++++ THE DATA

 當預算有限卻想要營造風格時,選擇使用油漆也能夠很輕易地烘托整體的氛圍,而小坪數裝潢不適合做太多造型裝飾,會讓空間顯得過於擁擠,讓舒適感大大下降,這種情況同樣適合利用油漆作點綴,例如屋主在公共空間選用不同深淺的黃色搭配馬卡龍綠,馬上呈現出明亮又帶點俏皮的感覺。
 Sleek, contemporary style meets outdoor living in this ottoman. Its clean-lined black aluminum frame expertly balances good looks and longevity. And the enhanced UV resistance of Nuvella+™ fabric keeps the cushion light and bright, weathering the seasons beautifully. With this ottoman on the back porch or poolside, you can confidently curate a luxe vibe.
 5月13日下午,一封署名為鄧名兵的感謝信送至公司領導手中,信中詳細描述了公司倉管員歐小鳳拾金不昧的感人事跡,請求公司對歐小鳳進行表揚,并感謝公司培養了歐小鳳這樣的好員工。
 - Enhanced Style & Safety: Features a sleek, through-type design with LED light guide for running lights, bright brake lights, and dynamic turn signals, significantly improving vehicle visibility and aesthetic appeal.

++++++++
++++ THE DATA

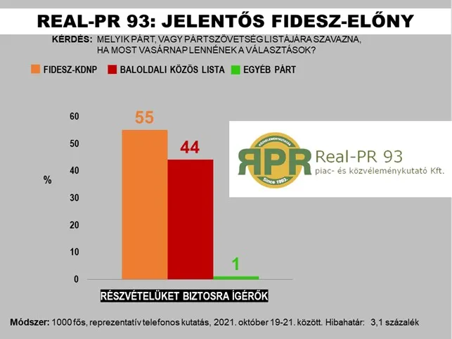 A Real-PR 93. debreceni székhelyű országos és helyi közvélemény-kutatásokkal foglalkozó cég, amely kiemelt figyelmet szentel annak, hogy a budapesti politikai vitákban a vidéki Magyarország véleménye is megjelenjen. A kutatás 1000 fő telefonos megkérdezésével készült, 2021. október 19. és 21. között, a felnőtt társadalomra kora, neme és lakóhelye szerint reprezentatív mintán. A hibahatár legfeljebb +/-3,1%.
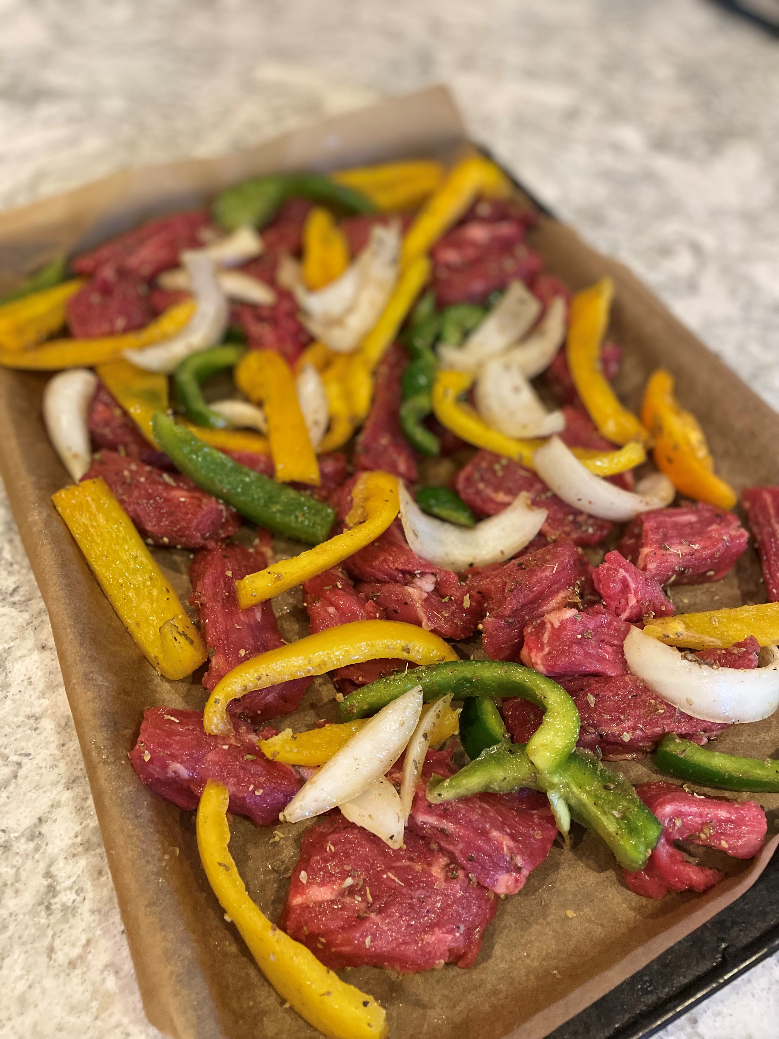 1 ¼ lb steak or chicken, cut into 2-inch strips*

++++++++

▶ **WORK INSTRUCTIONS**:
Begin with the line that has "5月13日下午,一封署名為鄧" in the listing above and end after the line that has "- Enhanced Style"; output those lines exactly.

▶ **FINAL ANSWER**:
 5月13日下午,一封署名為鄧名兵的感謝信送至公司領導手中,信中詳細描述了公司倉管員歐小鳳拾金不昧的感人事跡,請求公司對歐小鳳進行表揚,并感謝公司培養了歐小鳳這樣的好員工。
 - Enhanced Style & Safety: Features a sleek, through-type design with LED light guide for running lights, bright brake lights, and dynamic turn signals, significantly improving vehicle visibility and aesthetic appeal.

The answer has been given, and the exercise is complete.